* WHAT YOU WILL DO *
Produce an exact transcription of the data, with the images left out.

== DATASET SECTION ==

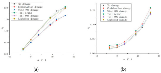 (a) lift coefficient of aircraft with combined airframe damage; (b) drag coefficient of aircraft with combined airframe damage.
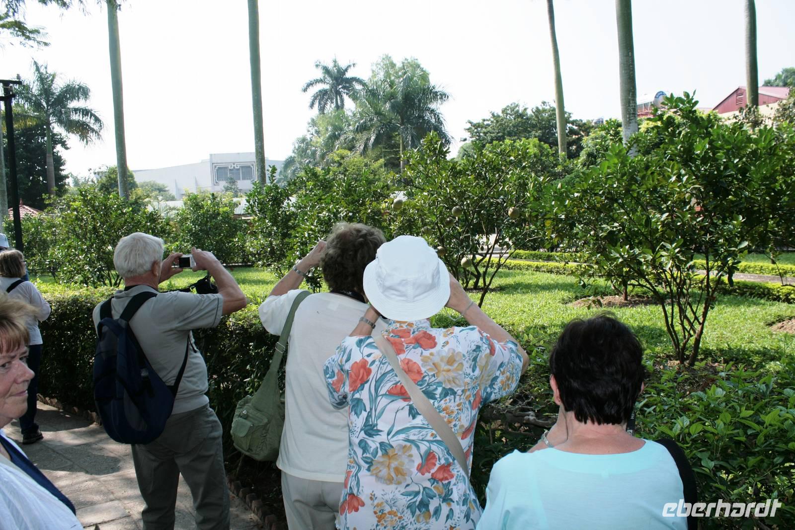 Wir verabschiedeten uns vom angenehm kühlen Da Lat und begannen eine längere Fahrt in weitaus wärmere Gefilde nach Saigon, alias Ho Chi Minh City. Zusätzlich zum Programm wollten wir uns den romantischen Wasserfall Thoc Gougah ansehen, der aber aufgrund der starken Überschwemmungen in den letzten Wochen in diesem Gebiet, verschlammt und uneinsehbar war. So erfreuten wir uns an der üppigen Flora, bevor wir das Bergland endgültig verliessen. Aus unserem Bus betrachten wir die vorbei ziehenden Landschaften: Kaffee- und Teeplantagen (leider wurde nicht geerntet), später Kautschuk- und Teakholzhainen, die von Maniokgewächsen gesäumt wurden. Fotostopps unterbrachen unsere Fahrt, so bei einem Kaffeebauern, der uns stolz seinen "Reichtum" präsentierte. Huong zeigte uns dabei mit sichtlichem Spass, wie Kaffee auf traditionelle Weise getrocknet wird. In einem Restaurant am Fluss, der ebenfalls reichlich Wasser führte, verbrachten wir die Mittagszeit und sättigten unsere Mägen natürlich wieder mit Gemüsesuppe oder gebratenen Nudeln. Je näher wir Saigon kamen, wurden die Strassen schlechter, hatten geschlagene Löcher (Originaltext Huong) und der Verkehr wurde dichter. Doch unser Busfahrer versuchte auf Umwegen das Ziel schneller zu erreichen. In der Abenddämmerung erblickten wir die beeindruckende Silhouette von Saigon, das sich modern und hoch präsentierte, ganz anders als in Hanoi. Doch bevor wir zum Hotel fuhren, hatten wir noch eine Überraschung parat: Von der Agenturchefin Hang waren wir zum vietnamesischen "Oktoberfest" in ihr Beerhouse eingeladen. Von ihr und Christian wurden wir bereits erwartet und mit leckeren Bratwürstchen sowie hellem und dunklem Bier aus der hauseigenen Brauerei bewirtet. Und das ohne Limit: mehrere 5-Liter-Pitcher wurden an unsere Tische gebracht und wir konnten selber zapfen. Der lustige Abend wurde dann doch etwas länger als geplant. Nach einer herzlichen Verabschiedung und einem riesigen Dankeschön stiegen wir gut gelaunt in den Bus und fuhren sofort zum Restaurant Indochine, wo wir im lauschigen Garten zu Abend speisten. Danach ging`s zum Hotel, wo wir satt und müde in unsere Betten fielen.
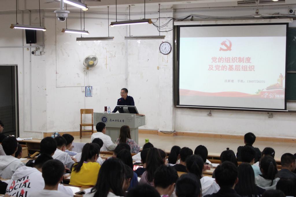 为学习贯彻习近平同志在党的十九大报告中强调的弘扬马克思主义学风,推进“两学一做”学习教育常态化制度化的重要讲话,生化学院于2019年11月6日晚在四阶一教室顺利召开“党的组织建设及党的基层组织”主题教育党课。本次党课由正处级专职党建组织员沈新建老师主讲,参加党课培训的人员为生化学院大一新生、发展党员。

===

* SOLUTION *
 (a) lift coefficient of aircraft with combined airframe damage; (b) drag coefficient of aircraft with combined airframe damage.
 Wir verabschiedeten uns vom angenehm kühlen Da Lat und begannen eine längere Fahrt in weitaus wärmere Gefilde nach Saigon, alias Ho Chi Minh City. Zusätzlich zum Programm wollten wir uns den romantischen Wasserfall Thoc Gougah ansehen, der aber aufgrund der starken Überschwemmungen in den letzten Wochen in diesem Gebiet, verschlammt und uneinsehbar war. So erfreuten wir uns an der üppigen Flora, bevor wir das Bergland endgültig verliessen. Aus unserem Bus betrachten wir die vorbei ziehenden Landschaften: Kaffee- und Teeplantagen (leider wurde nicht geerntet), später Kautschuk- und Teakholzhainen, die von Maniokgewächsen gesäumt wurden. Fotostopps unterbrachen unsere Fahrt, so bei einem Kaffeebauern, der uns stolz seinen "Reichtum" präsentierte. Huong zeigte uns dabei mit sichtlichem Spass, wie Kaffee auf traditionelle Weise getrocknet wird. In einem Restaurant am Fluss, der ebenfalls reichlich Wasser führte, verbrachten wir die Mittagszeit und sättigten unsere Mägen natürlich wieder mit Gemüsesuppe oder gebratenen Nudeln. Je näher wir Saigon kamen, wurden die Strassen schlechter, hatten geschlagene Löcher (Originaltext Huong) und der Verkehr wurde dichter. Doch unser Busfahrer versuchte auf Umwegen das Ziel schneller zu erreichen. In der Abenddämmerung erblickten wir die beeindruckende Silhouette von Saigon, das sich modern und hoch präsentierte, ganz anders als in Hanoi. Doch bevor wir zum Hotel fuhren, hatten wir noch eine Überraschung parat: Von der Agenturchefin Hang waren wir zum vietnamesischen "Oktoberfest" in ihr Beerhouse eingeladen. Von ihr und Christian wurden wir bereits erwartet und mit leckeren Bratwürstchen sowie hellem und dunklem Bier aus der hauseigenen Brauerei bewirtet. Und das ohne Limit: mehrere 5-Liter-Pitcher wurden an unsere Tische gebracht und wir konnten selber zapfen. Der lustige Abend wurde dann doch etwas länger als geplant. Nach einer herzlichen Verabschiedung und einem riesigen Dankeschön stiegen wir gut gelaunt in den Bus und fuhren sofort zum Restaurant Indochine, wo wir im lauschigen Garten zu Abend speisten. Danach ging`s zum Hotel, wo wir satt und müde in unsere Betten fielen.
 为学习贯彻习近平同志在党的十九大报告中强调的弘扬马克思主义学风,推进“两学一做”学习教育常态化制度化的重要讲话,生化学院于2019年11月6日晚在四阶一教室顺利召开“党的组织建设及党的基层组织”主题教育党课。本次党课由正处级专职党建组织员沈新建老师主讲,参加党课培训的人员为生化学院大一新生、发展党员。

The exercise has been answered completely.